Лев пустыни - Юлия Галанина
Шрифт:
Интервал:
Закладка:
И раб лампа сделал это.
А султан утром посмотрел в окно – нет дворца, нет дочери, единственного ребенка! Есть пустырь.
«А я говорил!» – зашептал в его ухо везирь. – «Ала ад-Дин колдун и подлец!»
И султан приказал схватить Ала ад-Дина, бросить его в тюрьму и на следующий день отрубить голову.
Но люди, которым Ала ад-Дин раздавал много денег, узнали про приказ султана.
Всегда, мой цвэточек, полезно иметь человека, которому ты сделал добро. Только у этого человека должна быть хорошая память.

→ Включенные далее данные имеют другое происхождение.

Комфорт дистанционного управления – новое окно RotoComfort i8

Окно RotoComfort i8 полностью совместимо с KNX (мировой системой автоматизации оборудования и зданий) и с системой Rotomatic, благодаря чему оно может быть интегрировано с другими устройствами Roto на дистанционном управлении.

Люди собрался у дворца и начали бить окна и двери, а некоторые полезли на стены.
Везирь испугался и побежал к султану.
«О повелитель, прости этого мерзавца, иначе народ убьет и тебя, и меня!»

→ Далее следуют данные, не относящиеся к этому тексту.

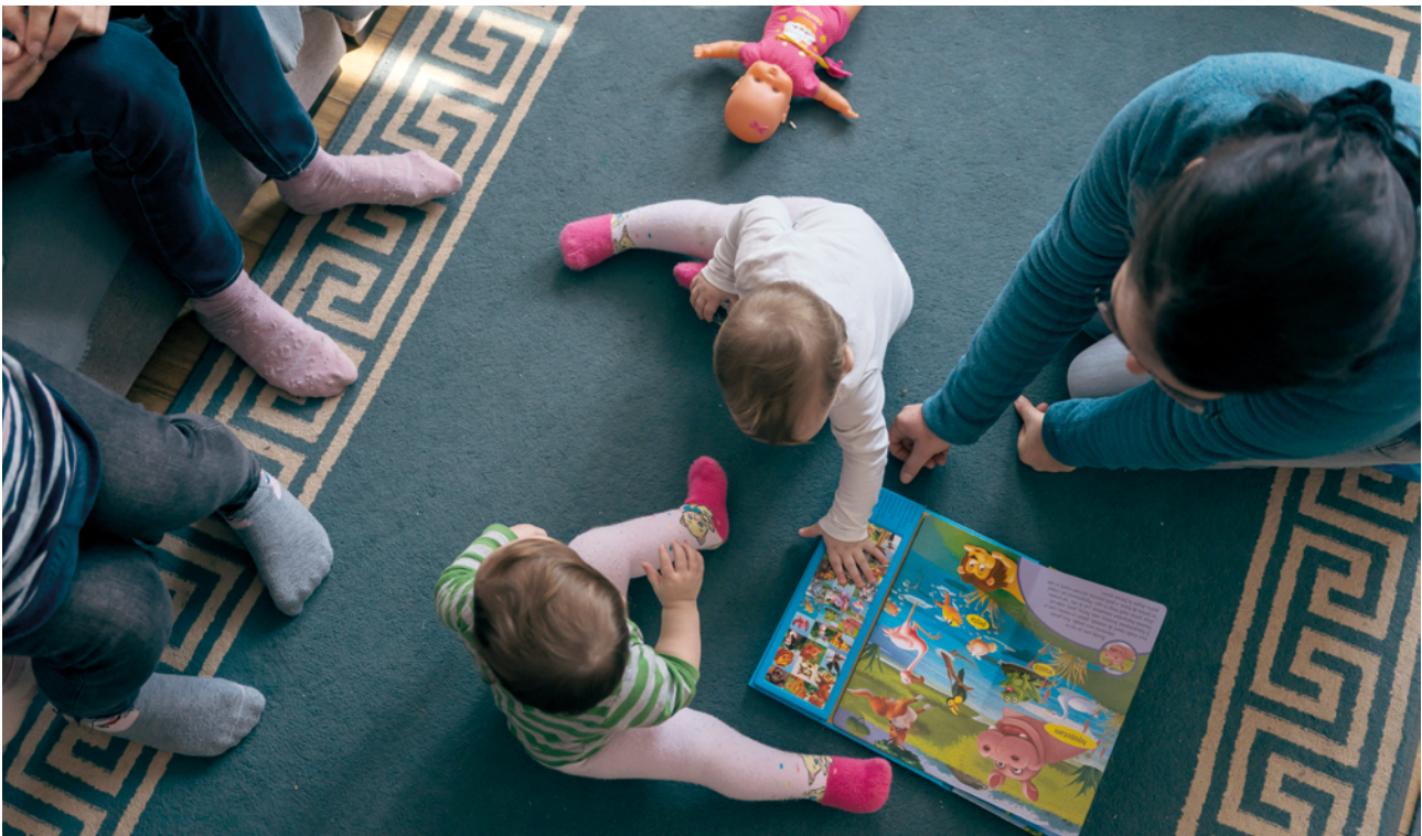
Le centre Hope and Homes accueille des enfants réfugiés en Roumanie.

Enfin, en Pologne , la Fondation Saint-Nicolas , association caritative polonaise qui œuvre pour les enfants depuis une vingtaine d'années, a lancé un appel à projets auprès de la société civile polonaise afin d'aider les enfants réfugiés ukrainiens en leur proposant des activités, un soutien psychologique, des cours de langue, des fournitures et du soutien scolaire... Dix de ces projets sont soutenus par la Fondation de France.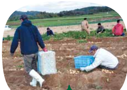
ジャガイモ収穫中です。 ちかっぱ糸島の商品になります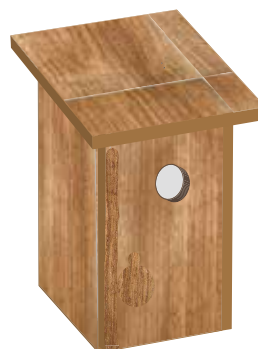
Fig. 6: Nido fissato verticalmente. Parete dietro (37 x 26 cm), pareti laterali con angoli (37-33 x 26 cm), parete davanti (26 x 33 cm), foro (6 cm), piano (28 x 28 cm), tetto (34 x 34 cm) Queste misure sono indicative possono essere adattate secondo la situazione.

Raccomandiamo di non fissare il tetto o la parete dietro se non in pochi punti, per poter aprire facilmente il nido per la pulizia. Il foro di entrata è situato su uno degli angoli superiori. I nidi sono installati orizzontalmente per far sì che i piccoli siano protetti dalle intemperie e abbiano più spazio (le upupe depongono fino a 10 uova). Il fondo del nido è ricoperto da segatura o legno decomposto. Se non sono disponibili cassette o costruzioni simili, le cassette nido possono essere fissate agli alberi. A causa della concorrenza con gli storni, conviene chiedere consiglio a un esperto/a dell'upupa della regione. I nidi esterni devono avere un tetto pendente per permettere alla pioggia di colare.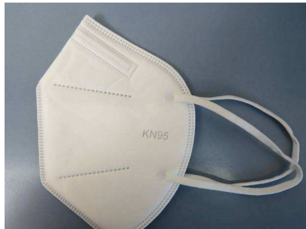
Bild 4 Ansicht des Probekörpers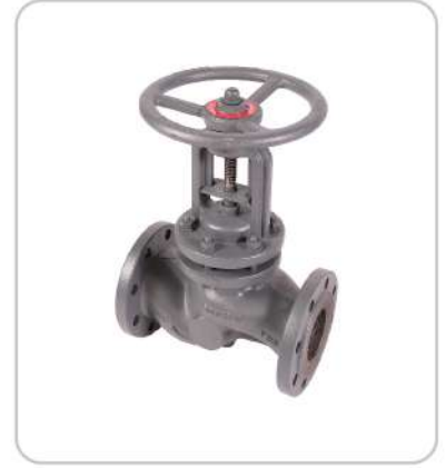
Pistonlu Glop Vanalar Piston Globe Valves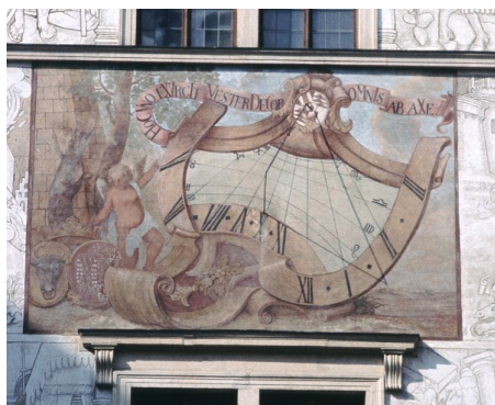
Obr. 11 — Litomyšl . Druhé hodiny na zámeckém nádvoří. Foto Martin Navrátil (1994).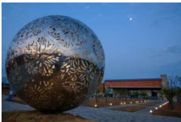
“ความกลมเกลียว” ผลงานศิลปะภายในสวนสาธารณะ พิพิธภัณฑ์ประวัติศาสตร์ไต้หวันแห่งชาติ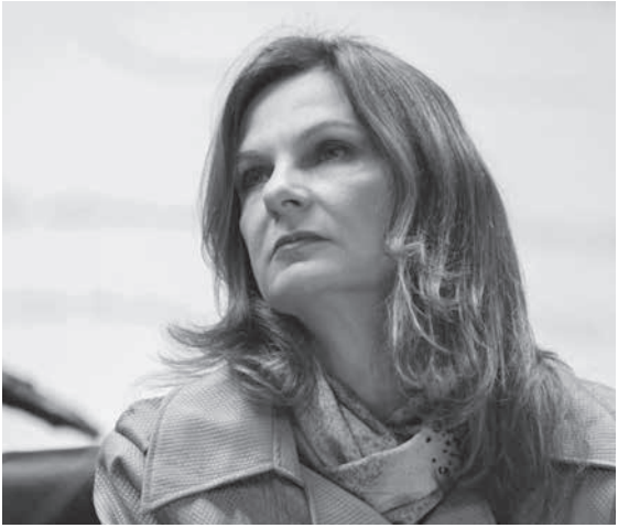
アナ・パウラ・ヴェスコヴィ国庫庁長官

基礎的財政収支は、国庫、中銀、社会保障費の国庫、中銀だけで見ると、収支は580億レアルの黒字だが、社会保障費が単体で1824億レアルの赤字を出しており、3部門合計の収支が1244億レアルの赤字になった。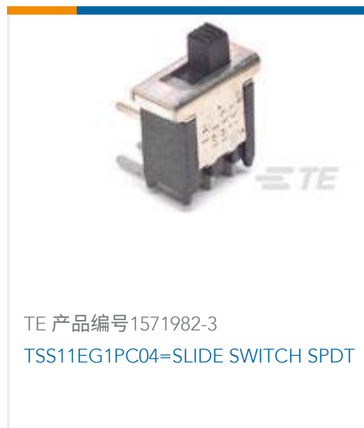
TE 产品编号1571982-3 TSS11EG1PC04=SLIDE SWITCH SPDT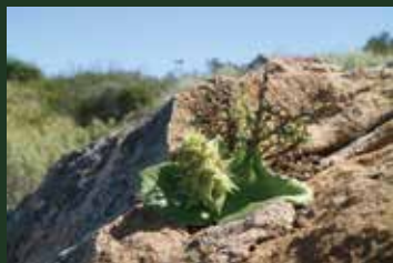
マッソニア・ピフォリア Massonia bifolia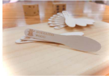
自社製品（例：製品への印字）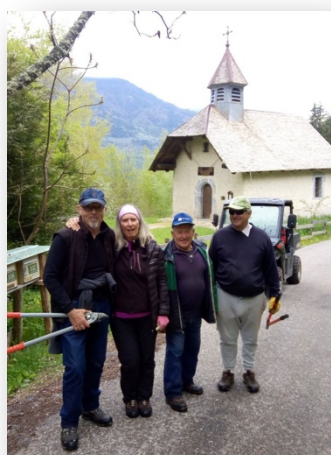
Journée de l'environnement (Loisirs et Partages) 05/2019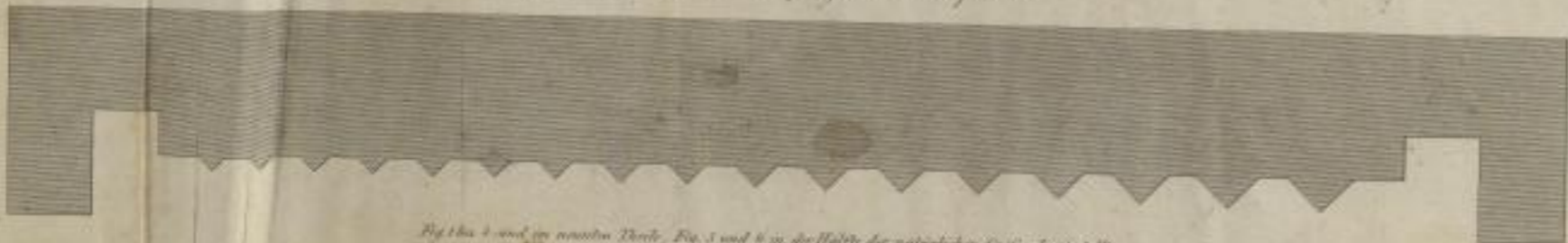
Schne zum Abstreifen des zweyten Walzenpaares.

Fig. 1 bis 4 sind im natürlichen Dache, Fig. 5 und 6 in der Hälfte der natürlichen Größe dargestellt.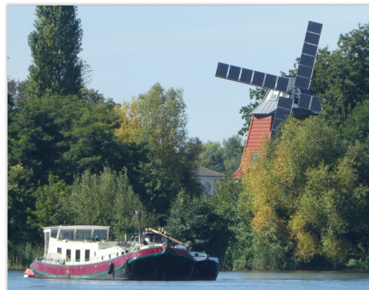
Wieken met zonnepanelen

И султан освободил Ала ад-Дин и послал на все четыре стороны.
Ала ад-Дин, полный горя, пошел прочь из города. Он шел, плакал и стонал: «Где дворец? Где жена?»
И хотел утопиться в реке. Но вода была холодная. Ала ад-Дин сел на берег и начал заламывать руки от отчаяния. И задел перстень, который дал ему магрибинец.

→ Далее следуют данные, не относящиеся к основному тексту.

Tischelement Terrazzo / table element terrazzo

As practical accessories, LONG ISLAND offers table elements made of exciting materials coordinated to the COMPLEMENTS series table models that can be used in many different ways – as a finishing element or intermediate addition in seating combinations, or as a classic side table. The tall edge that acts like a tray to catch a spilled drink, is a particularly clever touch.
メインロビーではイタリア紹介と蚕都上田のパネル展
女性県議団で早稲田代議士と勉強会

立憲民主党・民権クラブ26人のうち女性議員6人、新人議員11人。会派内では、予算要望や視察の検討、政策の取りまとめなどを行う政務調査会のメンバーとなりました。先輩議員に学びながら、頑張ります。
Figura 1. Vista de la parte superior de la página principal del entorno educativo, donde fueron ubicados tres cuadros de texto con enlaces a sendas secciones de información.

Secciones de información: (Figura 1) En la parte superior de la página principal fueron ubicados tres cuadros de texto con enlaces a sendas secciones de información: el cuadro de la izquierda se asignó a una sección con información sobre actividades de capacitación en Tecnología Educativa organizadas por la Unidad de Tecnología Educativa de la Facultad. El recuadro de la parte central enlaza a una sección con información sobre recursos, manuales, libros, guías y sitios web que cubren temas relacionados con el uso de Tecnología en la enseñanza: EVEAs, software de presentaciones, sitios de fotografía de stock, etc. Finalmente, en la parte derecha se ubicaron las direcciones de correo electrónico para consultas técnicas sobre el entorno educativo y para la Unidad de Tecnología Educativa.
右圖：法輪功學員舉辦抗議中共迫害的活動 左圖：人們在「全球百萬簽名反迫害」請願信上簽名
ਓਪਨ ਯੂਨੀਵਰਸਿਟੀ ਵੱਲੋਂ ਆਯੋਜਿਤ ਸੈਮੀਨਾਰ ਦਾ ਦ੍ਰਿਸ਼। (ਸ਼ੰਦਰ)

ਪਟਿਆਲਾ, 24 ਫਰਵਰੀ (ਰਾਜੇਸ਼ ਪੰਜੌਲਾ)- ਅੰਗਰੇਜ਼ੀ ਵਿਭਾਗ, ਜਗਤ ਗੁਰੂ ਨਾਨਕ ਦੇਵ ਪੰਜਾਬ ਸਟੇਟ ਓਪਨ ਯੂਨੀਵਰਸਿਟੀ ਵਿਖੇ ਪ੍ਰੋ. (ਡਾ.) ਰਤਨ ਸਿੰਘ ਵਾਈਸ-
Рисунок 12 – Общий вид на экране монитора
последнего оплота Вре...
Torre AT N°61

Перед Ала ад-Дином возник джинн.
(«На голову он слабый…» – тихо пробурчала Жаккетта. – «Не мог в тюрьме о перстне вспомнить!»
«О, раб перстня!» – обрадовался Ала ад-Дин. – «Верни мне дворец, верни мне жену!»
«Я не могу сделать такое, повелитель!» – развел руками джинн. – «Дворец унес раб лампы и только он может вернуть его на место.»
«А можешь ты отнести меня туда, где теперь мой дворец?»
«Могу!» – сказал джинн и отнес Ала ад-Дина во внутренний Магриб.
А была ночь.
Ала ад-Дин увидел свой дворец, обрадовался и прямо на земле заснул.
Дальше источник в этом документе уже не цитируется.